# [COLLECTED MATERIAL]
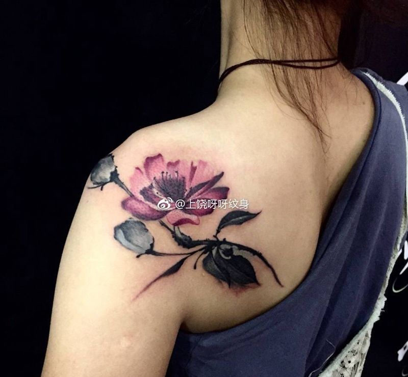 海棠花纹身图片_成品背部肩部传统国画清新植物呀呀刺青纹身图案
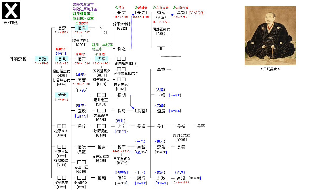 丹羽氏の出自は三説ある。一つ目は藤原姓とするもので、関白・藤原道隆の子・伊周の次男・遠峰の末流とする武蔵国春日井郡児玉党の一族で、忠長が尾張国丹羽郡児玉村に移って丹羽氏を称して、守護の斯波氏に仕えたとする。二つ目は平姓とするもので、建仁元年(1201年)に梶原景高の子・豊丸(景親)が尾張丹羽郡羽黒村に逃れてきたときの7人の従者のうちのひとりの丹羽家兼の末裔とするものである。三つ目は桓武天皇の皇子・良岑安世の裔孫と称するもので、忠長を29代子孫とする良岑姓である(ここでは三つ目の説を示す)。『丹羽家譜』では、2回改姓したとあり、平姓から藤原姓にして、最後に良岑姓に戻したとある。 長政は斯波義統に仕えて武功があったという。天文18年(1549年)に亡くなる。跡を継いだ長男の長忠も同じく義統の家臣で、天文23年(1554年)7月12日、守護代・織田信友が清洲城を奇襲した清洲合戦で戦死して、無嗣断絶となったため、織田信長家臣の次男の長秀が本流となった。
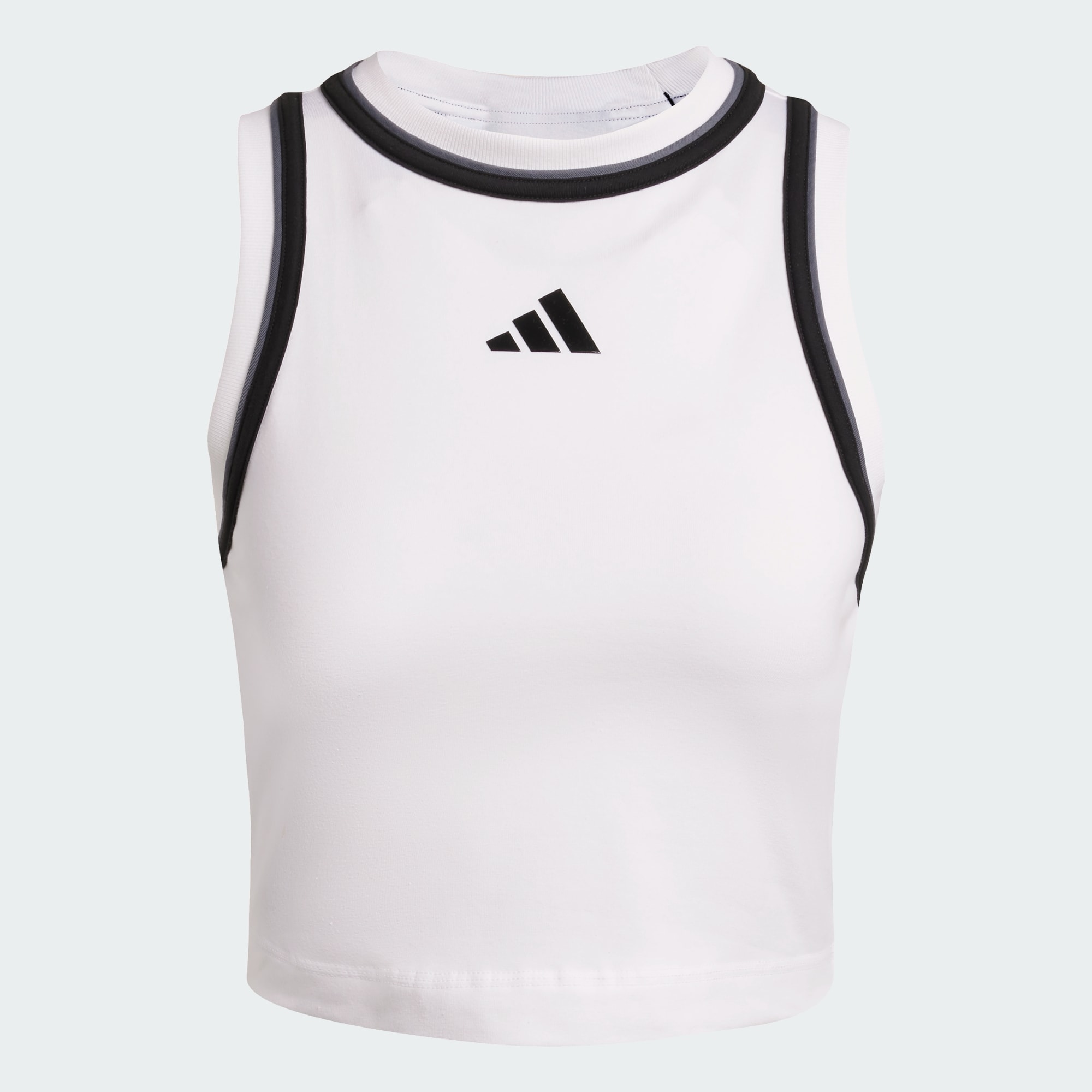 En avkortet tanktopp, laget for eventyr i varmen. Diskrete fargedetaljer blir til en frisk vri på dette sporty basisplagget. Den lages av mykt jersey-materiale av bomull, med kontrastfargede detaljer rundt halsen og armhullene, for en uventet vri. Bruk den sammen med høye shorts eller favoritt-jeansen din, for en enkel men stilig stil.

# [WHAT YOU HAVE TO DO]
Output verbatim the lines beginning at the line with "丹羽氏の出自は三説ある。一つ" and ending at the last line of the material above, inclusive. Do not carry over any pictures.

# [RESPONSE BELOW]
 丹羽氏の出自は三説ある。一つ目は藤原姓とするもので、関白・藤原道隆の子・伊周の次男・遠峰の末流とする武蔵国春日井郡児玉党の一族で、忠長が尾張国丹羽郡児玉村に移って丹羽氏を称して、守護の斯波氏に仕えたとする。二つ目は平姓とするもので、建仁元年(1201年)に梶原景高の子・豊丸(景親)が尾張丹羽郡羽黒村に逃れてきたときの7人の従者のうちのひとりの丹羽家兼の末裔とするものである。三つ目は桓武天皇の皇子・良岑安世の裔孫と称するもので、忠長を29代子孫とする良岑姓である(ここでは三つ目の説を示す)。『丹羽家譜』では、2回改姓したとあり、平姓から藤原姓にして、最後に良岑姓に戻したとある。 長政は斯波義統に仕えて武功があったという。天文18年(1549年)に亡くなる。跡を継いだ長男の長忠も同じく義統の家臣で、天文23年(1554年)7月12日、守護代・織田信友が清洲城を奇襲した清洲合戦で戦死して、無嗣断絶となったため、織田信長家臣の次男の長秀が本流となった。
 En avkortet tanktopp, laget for eventyr i varmen. Diskrete fargedetaljer blir til en frisk vri på dette sporty basisplagget. Den lages av mykt jersey-materiale av bomull, med kontrastfargede detaljer rundt halsen og armhullene, for en uventet vri. Bruk den sammen med høye shorts eller favoritt-jeansen din, for en enkel men stilig stil.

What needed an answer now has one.